**WHAT THE TASK ASKS:** In the records below, find the line containing "श्रम संसार (Shramsansar)". Output it and every line after it to the end, unchanged, with no pictures.

**SOURCE MATERIAL:**
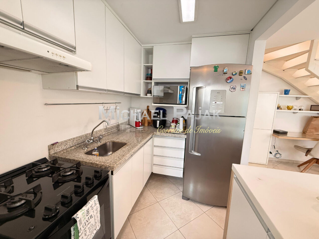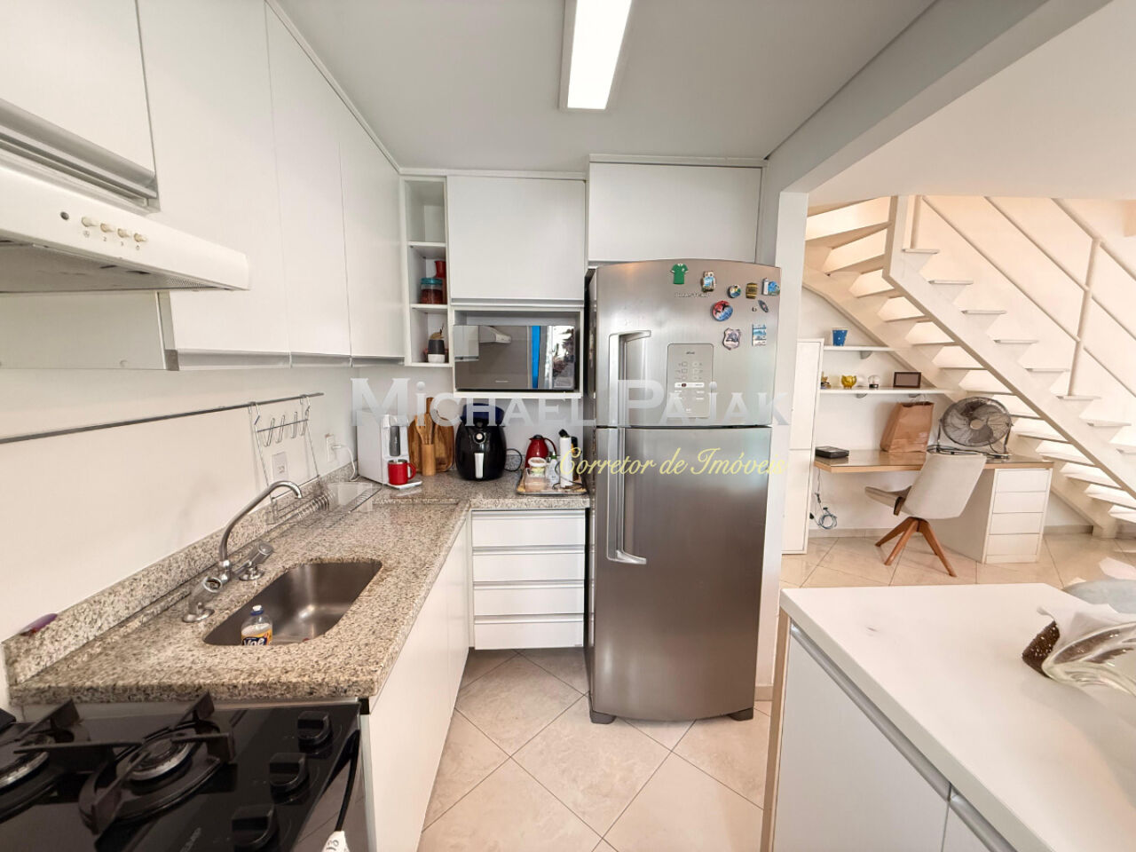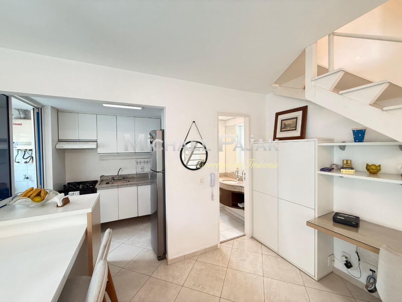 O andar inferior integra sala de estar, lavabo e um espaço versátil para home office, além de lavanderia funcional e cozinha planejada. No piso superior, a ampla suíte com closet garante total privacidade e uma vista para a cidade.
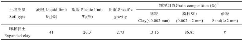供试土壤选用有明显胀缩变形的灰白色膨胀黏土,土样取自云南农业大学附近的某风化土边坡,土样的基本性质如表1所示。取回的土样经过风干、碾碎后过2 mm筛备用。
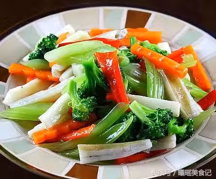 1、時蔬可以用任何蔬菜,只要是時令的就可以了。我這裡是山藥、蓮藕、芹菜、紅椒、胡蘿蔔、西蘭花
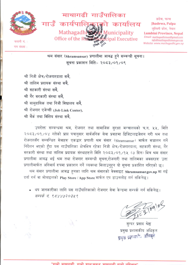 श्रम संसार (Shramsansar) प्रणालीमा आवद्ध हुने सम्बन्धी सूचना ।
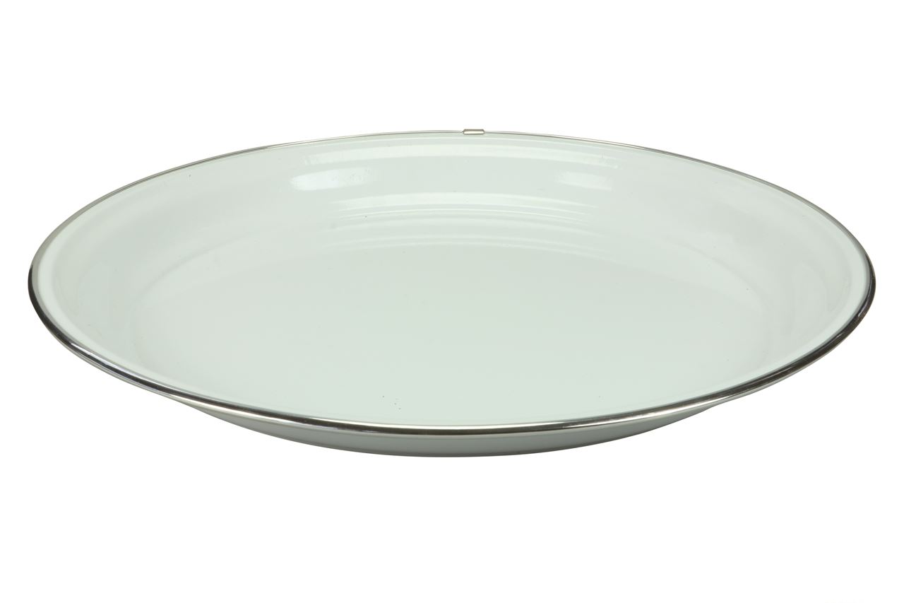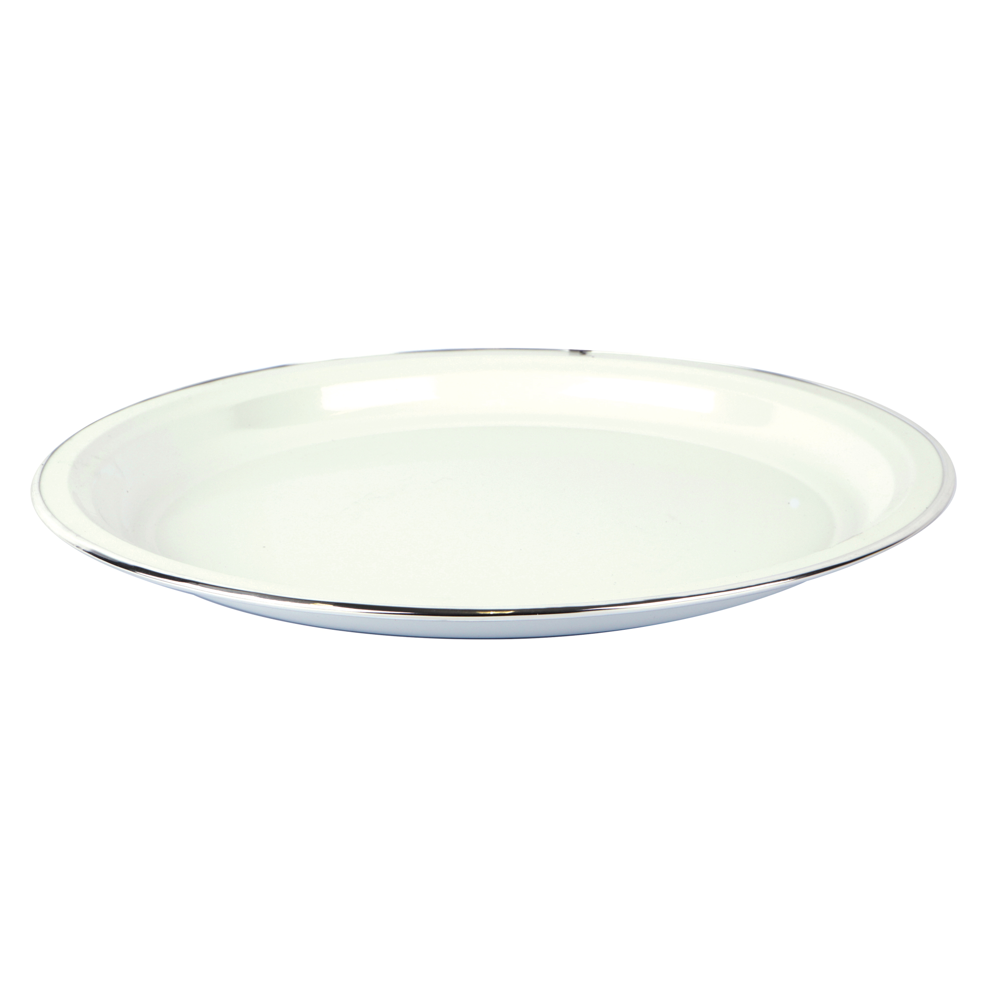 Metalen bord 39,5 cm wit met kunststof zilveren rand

**RESULT BELOW:**
 श्रम संसार (Shramsansar) प्रणालीमा आवद्ध हुने सम्बन्धी सूचना ।
 Metalen bord 39,5 cm wit met kunststof zilveren rand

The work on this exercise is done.